Ensure unicity of a 10 characters alphanumeric String

https://softwareengineering.stackexchange.com/questions/393940

27-02-2021
|

Pergunta

I have a requirement of developing a service that must generate each day few millions of random and unique alphanumeric String of length 10 (I can't increase this length, this is a customer prerequisite). Having a ID, the next ID must not be guessable.

I want to be sure that all IDs will be unique because thoses IDs will be later used in a database (not of my own) and will represent the ID of a product, so it MUST be unique. I know that the probability of a collision is low but I want to prevent this.

I have no problem to generate a random String, but I want to ensure that all generated IDs are really unique. I was thinking about using a local SQL database and inserting few millions per day in this database (which will ensure unicity as this ID would be a primary key). I will then pick up those IDs, mark them as "processed" and send them.

To improve insertion performance, I was thinking about having a table for each year (a partition?).

Do you think this is a good solution to ensure unicity? Would you have any other solution, may be better than a SQL database?

Thanks.

Solução

Re-Think

You did not specify how hard the "not guessable" requirement is. Of course you would not use simple serial numbers, but I would not rule out a mechanism that can create unique strings using simple cryptographic techniques and does not need a database at all.

Risk evaluation

What are the IDs used for? Just identification of an item? Or are they used as some kind of license key or access token?
What is at stake?

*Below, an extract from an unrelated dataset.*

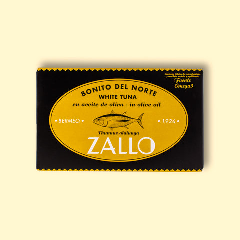 Albacore tuna in olive oil. This delicately flavoured white tuna is caught in the Cantabrian Sea and tinned in the Basque Country on the day of catch. The Bonito del Norte is caught in the summer months when it swims close to the Cantabrian coast and is at its best. Zallo is an eco-friendly cannery. It works with the Marine Stewardship Council and its tuna is caught pole-and-line fishing which means there is no by-catch or seabed damage.

What damage happens when an ID is guessed? With millions of products per day, I don't assume that the value of each is in the hundreds of dollars (if it were, your customer would pay an expert who wouldn't ask on stack exchange :-) )
What level of adversaries do you expect? Ordinary users, script kiddies, determined hackers, state-level actors?
What profit can they gain, i.e. what amount of effort would they invest to hack your scheme?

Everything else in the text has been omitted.